On March 31, 2021 Governor Cuomo signed into law the Marijuana Regulation and Taxation Act (the “Act”), which legalizes the use of recreational marijuana in New York State for individuals 21 years old and older.  Although the Act has many complexities and impacts individuals, businesses and local governments in various ways, there are specific provisions that employers should be aware of concerning the legalization of recreational marijuana in New York State.

Many employers understandably are concerned about the impact the legalization of recreational marijuana may have on their workplaces.  The Act amends Section 201-d of the New York State Labor Law, which prohibits discrimination based on an employee engaging in certain activities.  The new amendments make it unlawful for an employer to refuse to hire an individual or otherwise discriminate against an employee as a result of that person’s lawful use of recreational marijuana before or after the employee’s work hours, off the employer’s premises and without the use of the employer’s equipment.  In other words, an employer in New York State may not refuse to hire an applicant, or discipline or terminate an employee, because that individual lawfully consumed marijuana outside of the workplace during non-work hours without use of the employer’s equipment and the consumption of marijuana did not impact his or her ability to perform necessary job duties.

However, the Act ensures that employers are not required to tolerate the use of recreational marijuana under certain circumstances.  The legislation makes clear that an employer would not violate Section 201-d of the New York State Labor Law by taking adverse employment action based on an individual’s use of recreational marijuana if:

  1. the employer’s actions were required by New York State or federal law, regulation, ordinance, or any other New York State or federal governmental mandate; or
  2. the employee is impaired by the use of marijuana, meaning the employee exhibits “specific articulable symptoms” while working that decrease the employee’s performance of his or her job duties, “or such specific articulable symptoms interfere with an employer’s obligation to provide a safe and healthy workplace”; or
  3. the employer’s actions would require it to commit an action that would cause it to be in violation of federal law or would result in the loss of a federal contract or federal funding.

The Act further states that it is not intended to limit the ability of an employer to create and enforce policies pertaining to marijuana use in the workplace and ensures that employers can prohibit smoking marijuana where smoking tobacco is prohibited.

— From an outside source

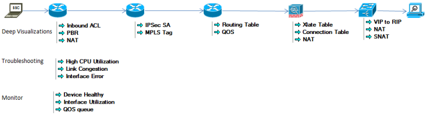 Unlike traditional traffic path tools, NetworkBrain Dynamic Path Calculator visualizes the forwarding of packets and emulates the real packet forwarding process in your live network (including overlay and underlay networks). It looks into modern technologies, such as policy-based routing and load balancing, and provides end-to-end visibility across any network path to help diagnose and troubleshoot network traffic issues.

The legislation also amends provisions of the Public Health Law concerning medical marijuana.  The Act expands the list of qualifying conditions for an individual to be eligible to use medical marijuana and permits a certified patient to access a sixty-day supply of medical marijuana, versus a thirty-day supply.  Further, it increases the number of caregivers allowed per certified patient.

Finally, the Act establishes automatic expungement or resentencing for individuals convicted of a marijuana related offense that would no longer be illegal under the Act.

As employers navigate these issues, our Firm’s labor and employment attorneys are standing by to provide legal advice.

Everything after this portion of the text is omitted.